Debate organised by What Next? and the CLA
In this thoughtful, lyrical film, Imagine talks to the acclaimed and curiously divided Irish writer Colm Tóibín. Loud and affable in person, Tóibín writes sombre stories of grief and quiet heartbreak, repeatedly returning to the dark narrative of his own childhood and the complicated relationships between mothers and sons.
In the year that his bestselling novel Brooklyn is being adapted for the cinema and The Testament of Mary continues to provoke controversy, Tóibín publishes his most poignant and personal novel yet.
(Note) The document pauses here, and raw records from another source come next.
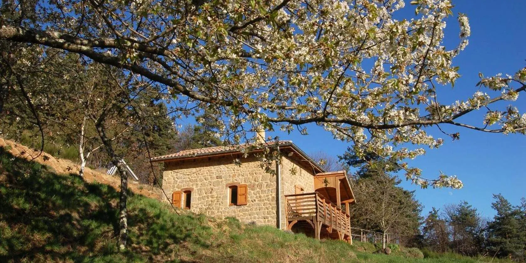 Die Unterkunft GiTE ATYPIQUE AVEC PISCINE COUVERTE en été besticht durch einen eigenen Pool sowie Poolblick und ist gelegen in St Apollinaire De Rias.
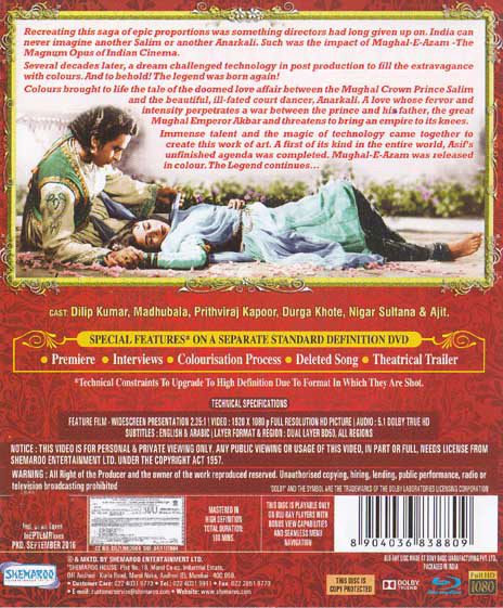 Set in the 16th century AD, the movie brings to life the tale of the doomed love affair between the Mughal Crown Prince Saleem and the beautiful, ill-fated court dancer, whose fervor and intensity perpetrates a war between the prince and his father the great Mughal Emperor Akbar, and threatens to bring an empire to its knees.
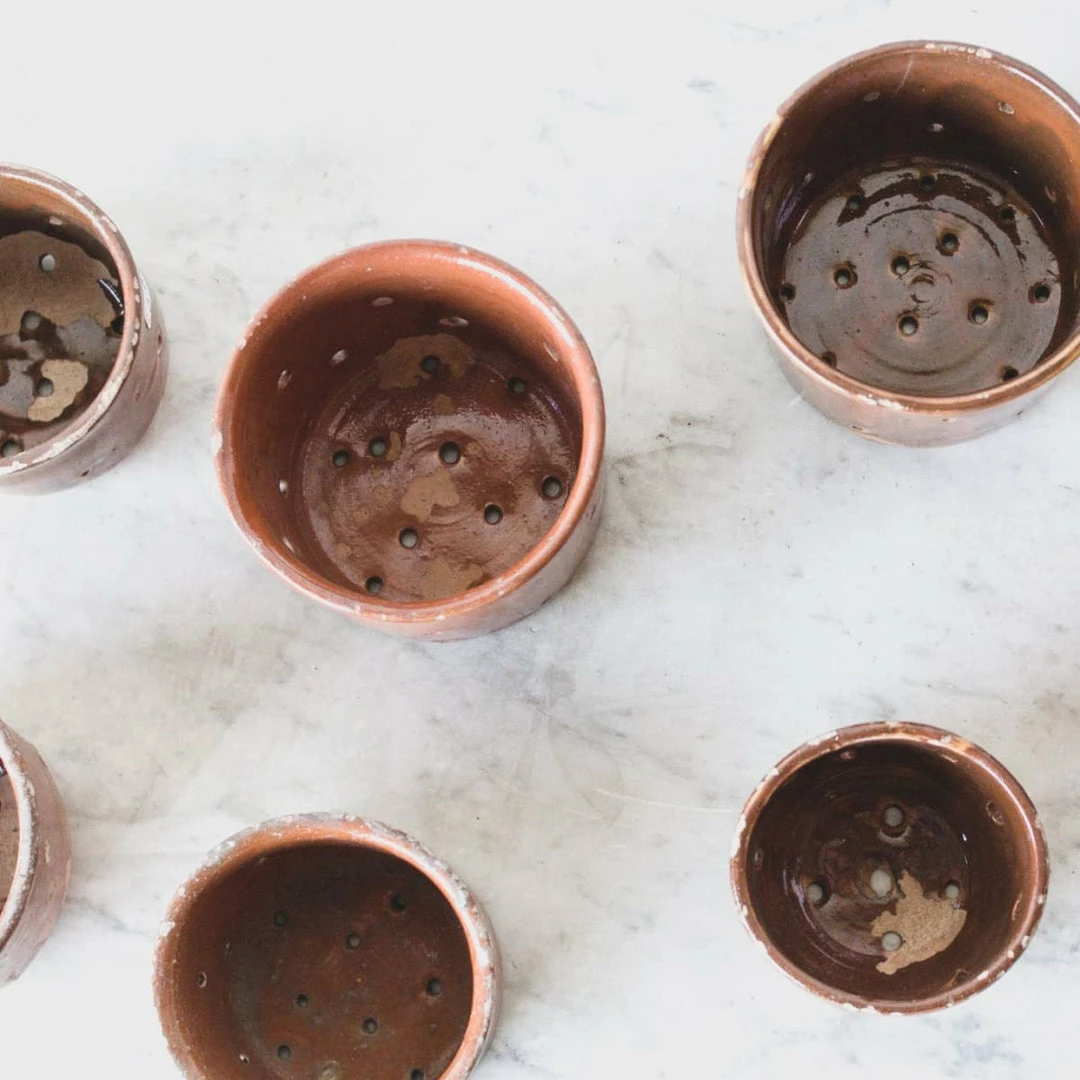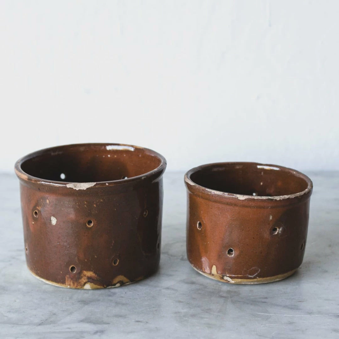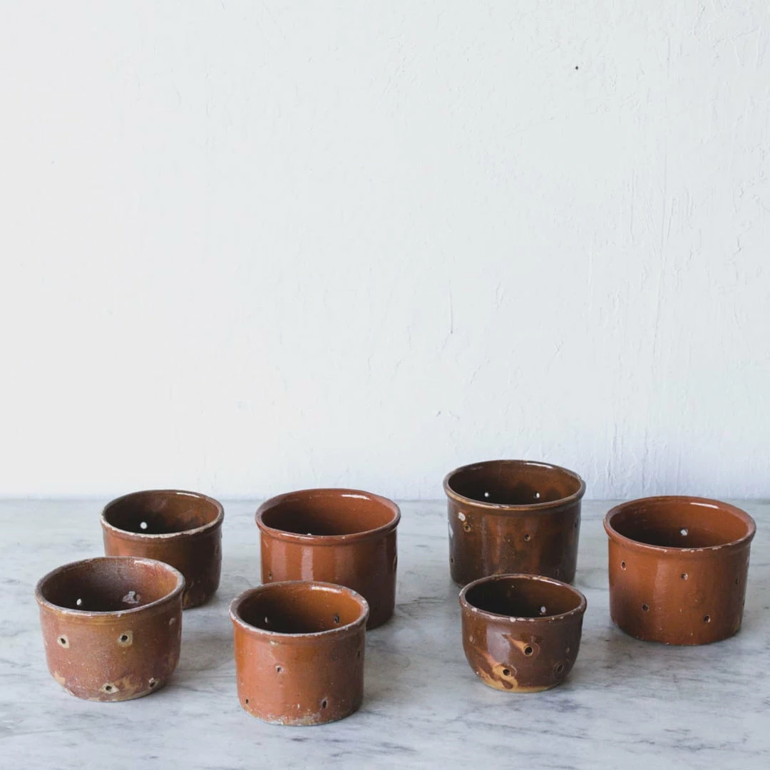 These vintage cheese pots were found in a farmhouse in Chartres, France. ย We don’t make our own cheese, so we like to use them for our candles instead. ย The light shines beautifully through the hand pierced holes.ย ย

With Fiona Shaw, Anne Enright and Nick Hornby.
A masterclass on how to get started in the media. Chaired by BBC Arts correspondent Rebecca Jones. Panellists include Head of Digital Development for Arts, Peter Maniura; Susie Worster, Head of Talent for Shed Media; Sally Garwood, one of the apprentices on BBC Radio’s Journalism scheme, and Creative Access Production trainee Ashley Francis-Roy.
Not for broadcast.
In 2007 Sophie Lancaster was attacked in a park because of her appearance. Writer and poet Simon Armitage was so affected by her story that he and his producer Susan Roberts decided to make it into a drama documentary for Radio Four. The result was a profoundly moving piece of work combining specially written poems with an interview with Sylvia, Sophie’s mother. Black Roses was met with critical and public acclaim and subsequently turned into a play for Manchester Royal Exchange. Now in its third incarnation it has been turned into a film and will feature in the BBC’s forthcoming poetry season. Cassian Harrison, controller of BBC Four, talks to Simon and Susan about the challenges of making the film and its journey from radio to stage and now to screen.
Not for broadcast.
For BBC Radio 3’s The Essay, this week three writers ask themselves ‘why I write’. In today’s session, writer Horatio Clare, screenwriter and novelist Frank Cottrell Boyce and the Welsh Poet Laureate Gillian Clarke all take up the challenge of answering this key question.
This recording will be broadcast on BBC Radio 3 at 10.45pm on Wednesday 27, Thursday 28 and Friday 29 May.